By the time he finished, the pain was gone, although it was possible that I’d fallen madly, irreversibly in love with Louis-Cesare’s hands. I might have said something to the effect, because he chuckled and brushed his lips over the back of my neck, meltingly warm. “Get dressed.”


“Thinking about it.” I wasn’t actually sure I could move.


He let his fingers, soft and featherlight, comb through the short ends of my hair. “Get dressed before I call Elyas and tell him we will see him tomorrow.”


Sounded like a plan to me.


“And before I take that pose as an invitation.”


I turned my head and found him right there, his breath on my face, and his lashes almost brushing my cheek. There was no conscious decision. I put a hand behind his neck, and pulled up to meet him, my lips finding his as easily, as naturally, as if we did it every day. He tasted spicy and musky and mouthwateringly sweet, like butterscotch candy right before it melts on the tongue.

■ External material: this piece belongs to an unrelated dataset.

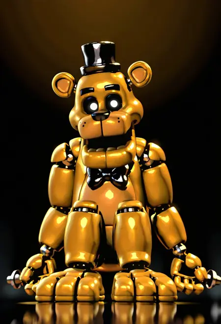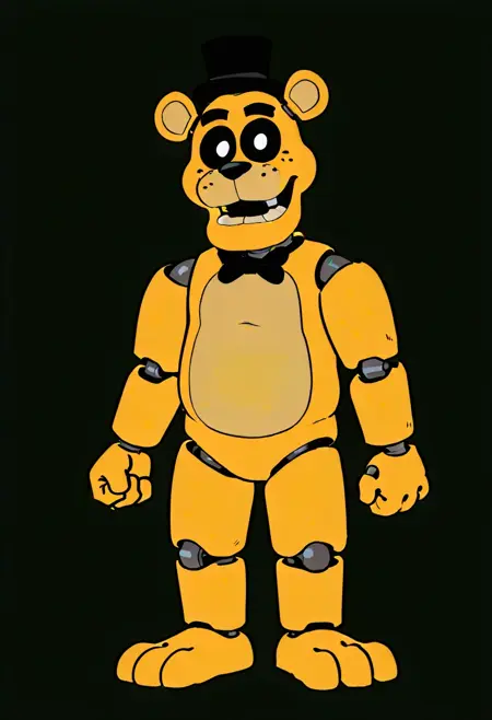 | Trained Words | GoldenFreddyFNAF, 1boy, yellow animatronic bear, classy black top hat, black bow tie with a neck strap, thick black eyebrows, three-toed feet, three black freckles on both sides of muzzle, robot joints, white eyes, black sclera, colored scleraCopied! |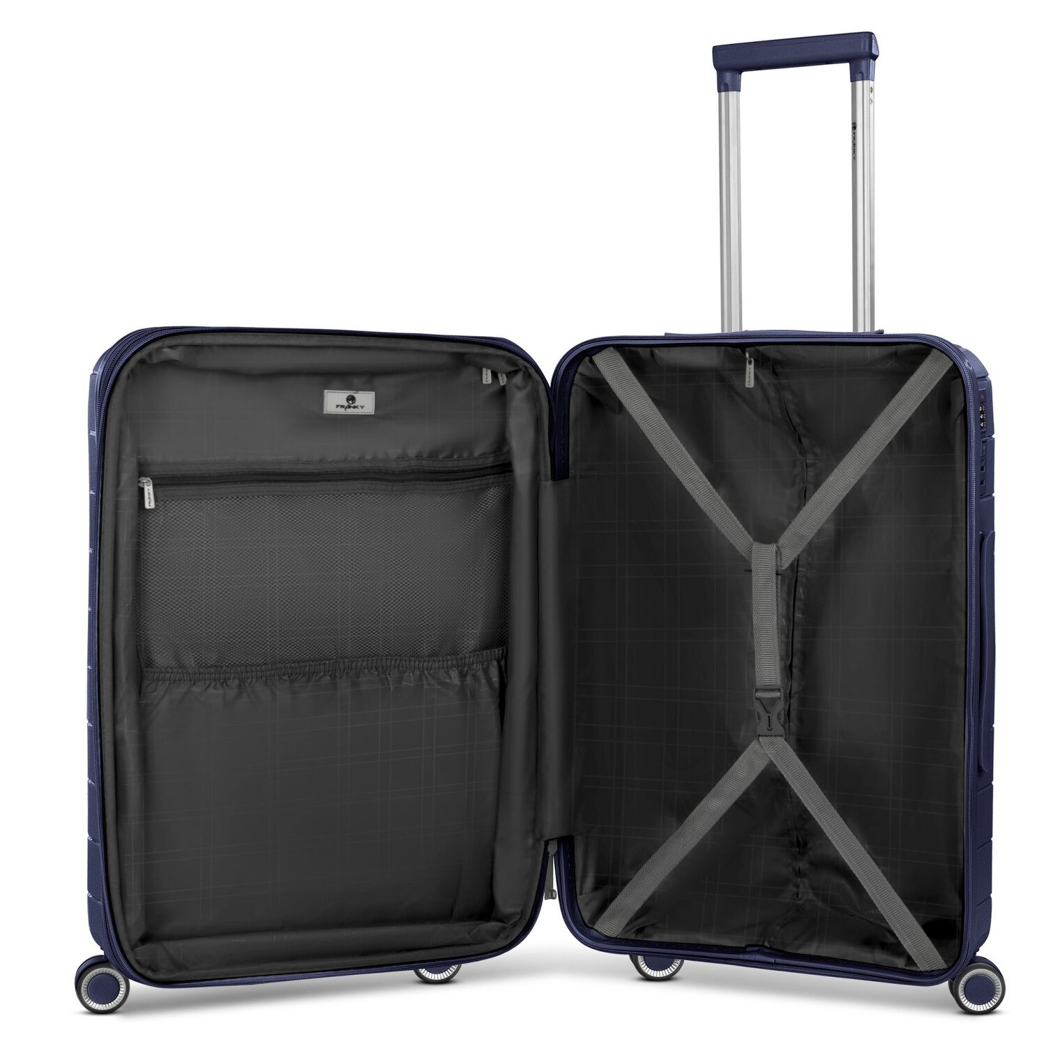 - Ausstattung: Wäschefach, Tasche(n) innen, Reißverschlussfach, Kreuzpackgurt, Dehnfalte, arretierbarer Griff

A bone-deep shudder tore through him, and he gripped the back of my neck and returned the kiss, deep and hungry. His skin was hot to the touch; his mouth even hotter, wet and suddenly iron-edged with blood. The tenderness was gone, but I didn’t miss it. This was better; this was perfect, sensation spiraling out of control into blatant need.


My hands spidered up to tangle in the thick mass of his hair, and my leg wrapped around him. His hand clenched on my ass, pulling me against him, and he was already half hard behind the thin material of his trousers. One of us groaned—I wasn’t sure which—and his lips moved to my ear.

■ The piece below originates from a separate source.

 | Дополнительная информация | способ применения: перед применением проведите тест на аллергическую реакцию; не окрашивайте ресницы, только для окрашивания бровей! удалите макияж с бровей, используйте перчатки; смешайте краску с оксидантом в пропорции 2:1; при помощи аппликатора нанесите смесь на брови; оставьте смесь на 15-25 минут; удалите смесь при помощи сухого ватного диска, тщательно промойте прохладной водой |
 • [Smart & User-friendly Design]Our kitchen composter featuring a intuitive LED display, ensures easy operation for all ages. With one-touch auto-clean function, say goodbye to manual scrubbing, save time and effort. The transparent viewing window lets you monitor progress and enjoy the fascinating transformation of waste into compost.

“Please get dressed,” he said hoarsely.


It took a second to register, and then I jerked away, snatching up the T-shirt.


“Make up your damn mind!” I told him, pulling it on. “One minute you strip me; the next you tell me to get dressed. One minute your tongue is down my throat, and the next you’re glowering at me. Do you even know what you want?”


“There are things we want, and things we may have,” he said tightly. “Sanity lies in knowing the difference.”